What you should do
Restate the records that follow word for word; no pictures should appear.

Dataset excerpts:
= Beginning of Section =

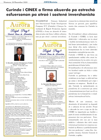 loke elasigni ca pa nos, nos ta anunciafayecimiento di: kal komo internashonal, i por traha
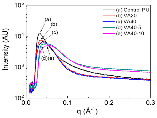 VA-based PUs synthesized in this study appeared opaque, mainly because of the crystallites formed by the hard segments. The microphase-separated structures of the VA-based PUs strongly depended on the VA/PTMEG1000 ratio. Figure 3 shows the small-angle X-ray scattering (SAXS) profiles of the control PU and VA-based PUs. The SAXS profiles confirmed the scatterings of hard and soft segments domains. The interdomain distance of hard domain in the SAXS profiles was ~20 nm, similar with the interdomain distance of the hard domains in previous studies of PUs [30,31,32,33]. The peak positions of the VA-based PUs appeared in a higher q range than in the control PU, indicating a lower interdomain distance of the VA-based PUs than that of the control PU. The interdomain distances were 19, 18, 18, and 17 nm, respectively, in the VA10, VA20, VA30, and VA40 samples; and they were 15 and 14 nm, respectively, in the VA40-5 and VA40-10 samples (in which phase mixing was induced by the m-CE). VA-based PUs exhibited much broader widths than the control PU (Figure 3 and Figure S4), implying that micro-phase separation and crystallinity were hindered by VA as well as by m-CE.
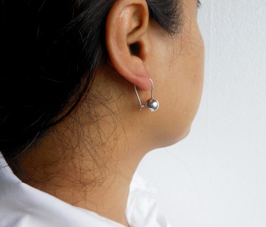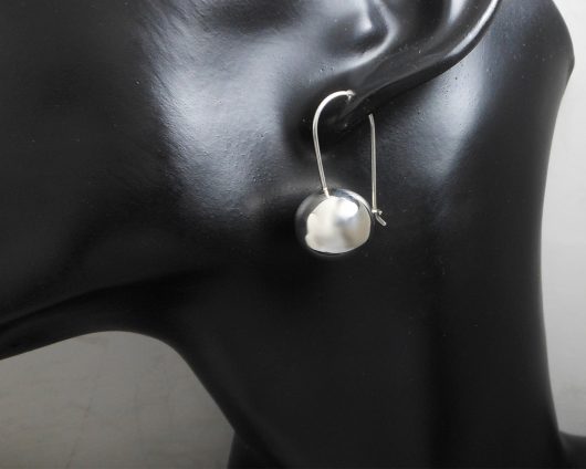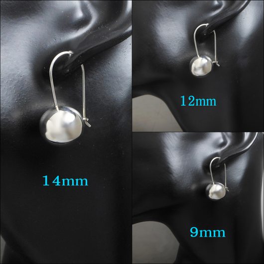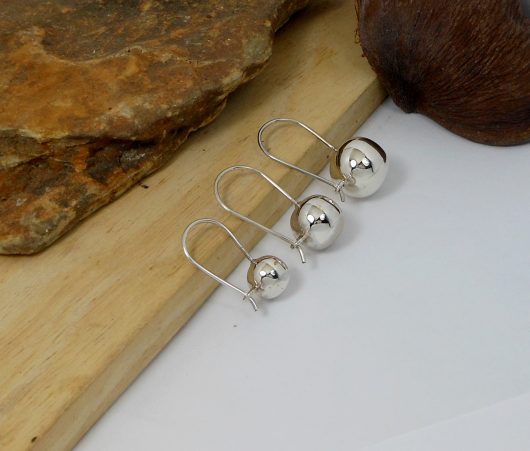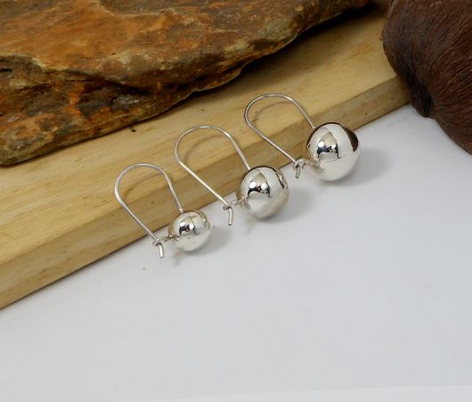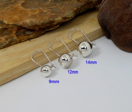 The lovely puffy ball kidney wire earrings are 925 sterling silver with handmade womens ball hoops designed and made by Sup Silver.
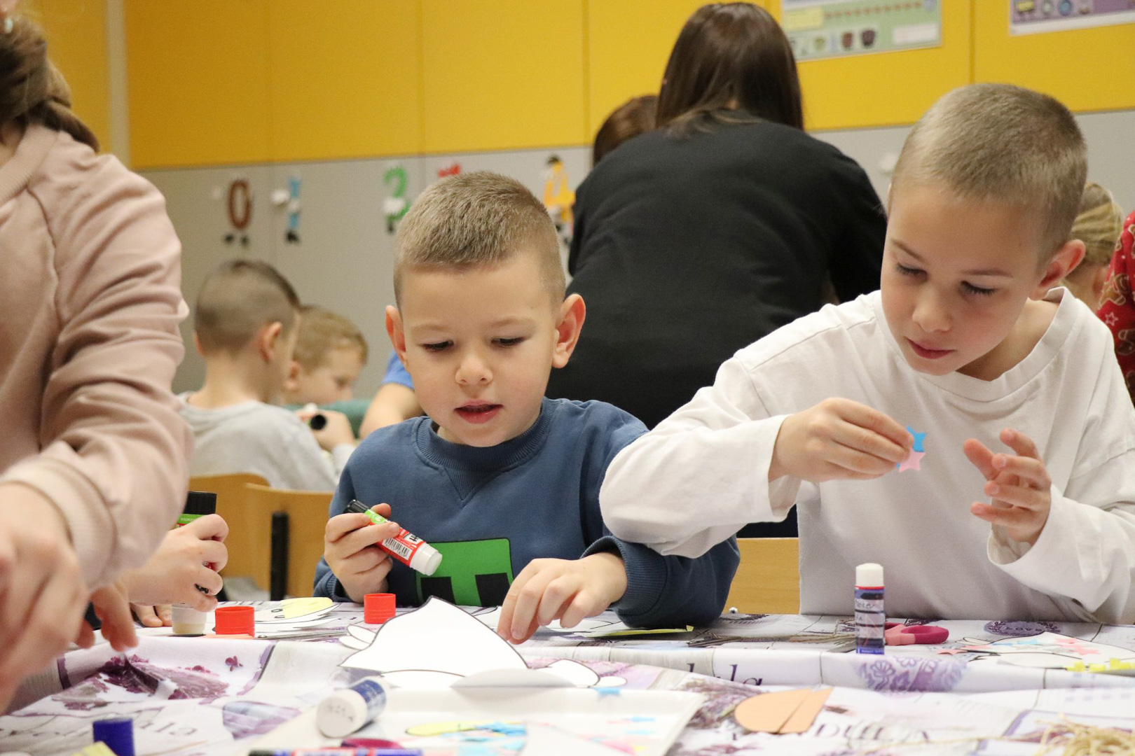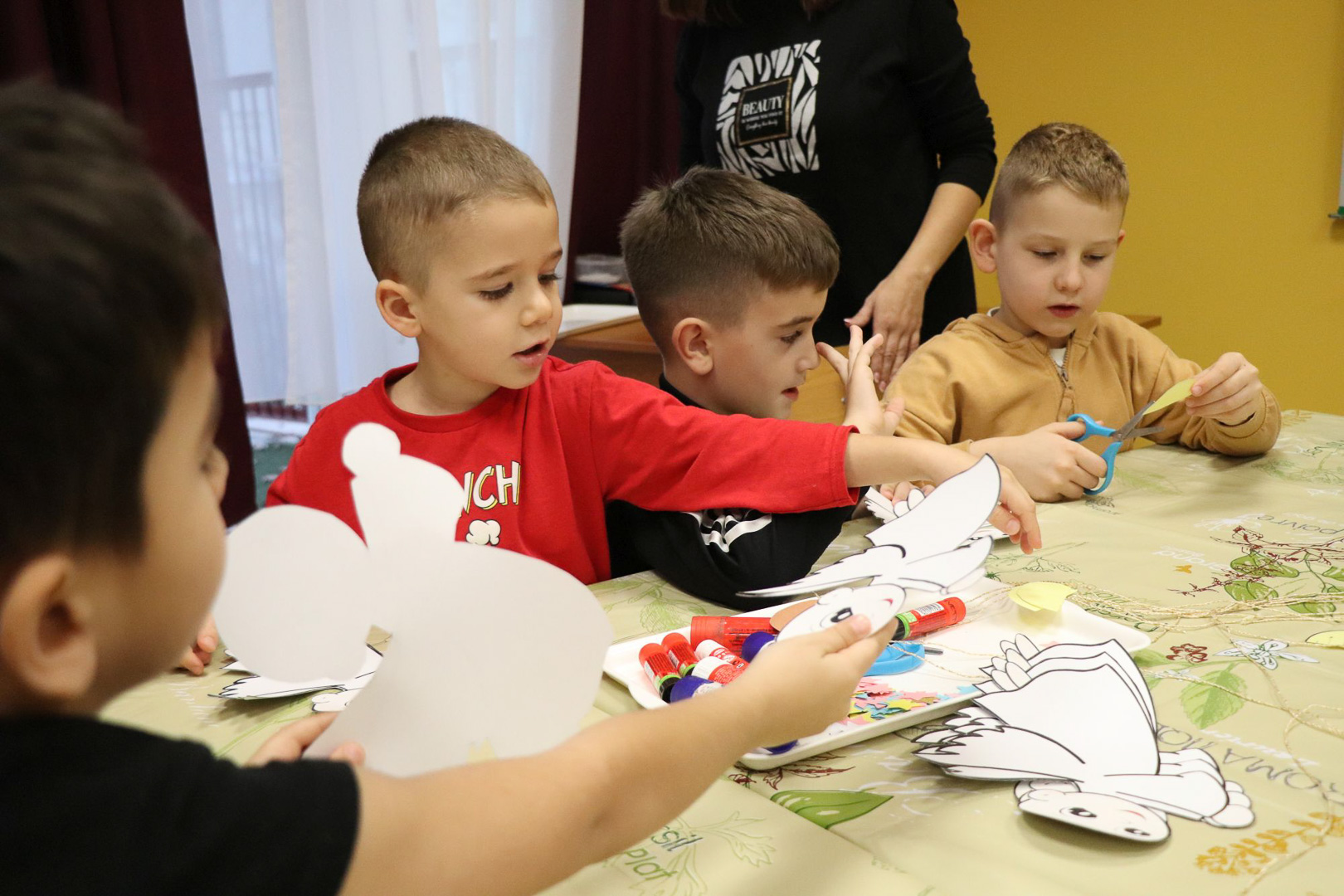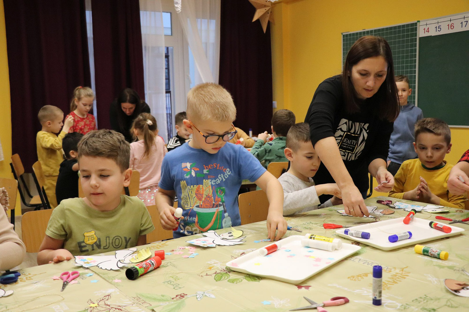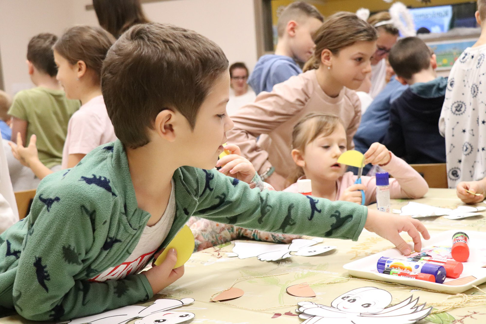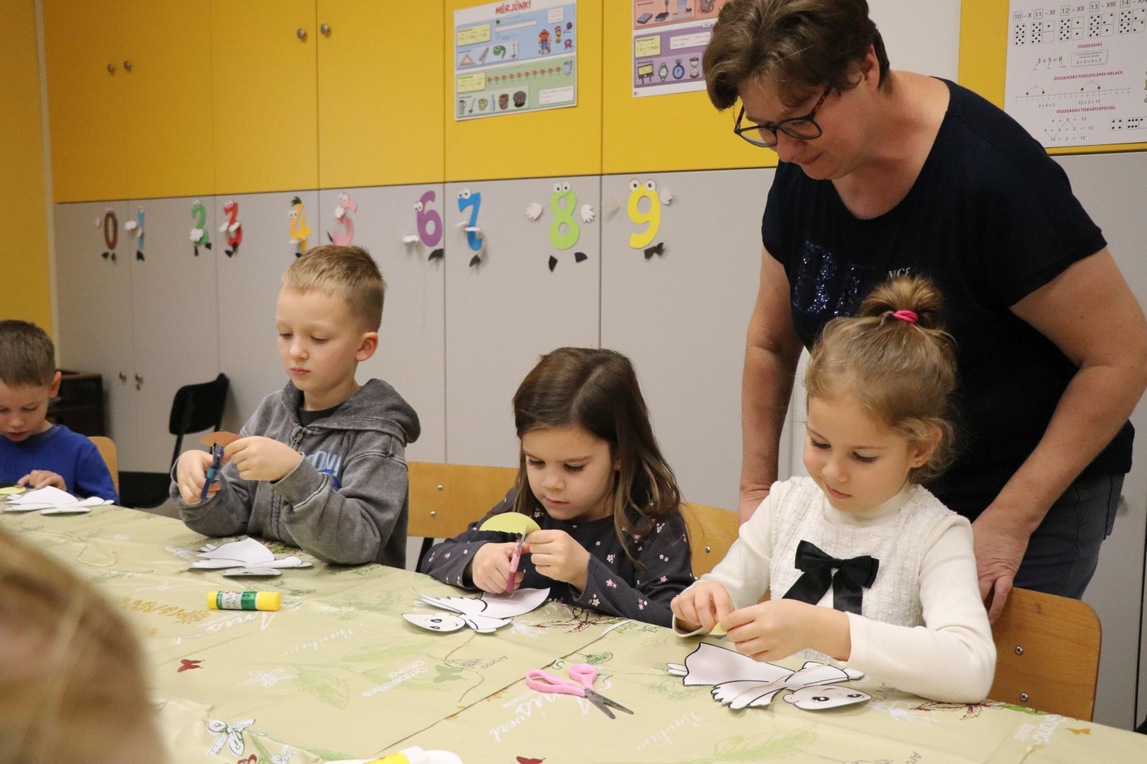 A karácsonyi angyalok énekkel is megajándékoztak bennünket, majd a varázslat alkotássá szelídült: minden pici óvodás kéz aprólékos munkával elkészítette saját kis papírangyalkáját. A játszóház végére így sok-sok kis angyal „repült” vissza a gyerekekkel a csoportszobákba, hírül víve az ünnep közeledtét.
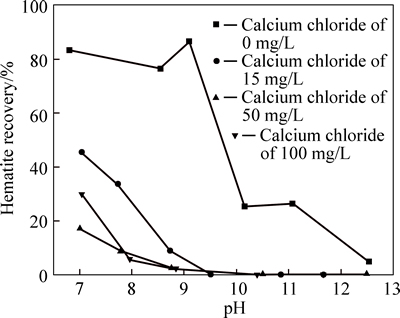 Fig. 2 Hematite recovery as a function of pH and calcium chloride dosage (sodium oleate dosage: 120 mg/L)

= End of Section =

Output of the task
 loke elasigni ca pa nos, nos ta anunciafayecimiento di: kal komo internashonal, i por traha
 VA-based PUs synthesized in this study appeared opaque, mainly because of the crystallites formed by the hard segments. The microphase-separated structures of the VA-based PUs strongly depended on the VA/PTMEG1000 ratio. Figure 3 shows the small-angle X-ray scattering (SAXS) profiles of the control PU and VA-based PUs. The SAXS profiles confirmed the scatterings of hard and soft segments domains. The interdomain distance of hard domain in the SAXS profiles was ~20 nm, similar with the interdomain distance of the hard domains in previous studies of PUs [30,31,32,33]. The peak positions of the VA-based PUs appeared in a higher q range than in the control PU, indicating a lower interdomain distance of the VA-based PUs than that of the control PU. The interdomain distances were 19, 18, 18, and 17 nm, respectively, in the VA10, VA20, VA30, and VA40 samples; and they were 15 and 14 nm, respectively, in the VA40-5 and VA40-10 samples (in which phase mixing was induced by the m-CE). VA-based PUs exhibited much broader widths than the control PU (Figure 3 and Figure S4), implying that micro-phase separation and crystallinity were hindered by VA as well as by m-CE.
 The lovely puffy ball kidney wire earrings are 925 sterling silver with handmade womens ball hoops designed and made by Sup Silver.
 A karácsonyi angyalok énekkel is megajándékoztak bennünket, majd a varázslat alkotássá szelídült: minden pici óvodás kéz aprólékos munkával elkészítette saját kis papírangyalkáját. A játszóház végére így sok-sok kis angyal „repült” vissza a gyerekekkel a csoportszobákba, hírül víve az ünnep közeledtét.
 Fig. 2 Hematite recovery as a function of pH and calcium chloride dosage (sodium oleate dosage: 120 mg/L)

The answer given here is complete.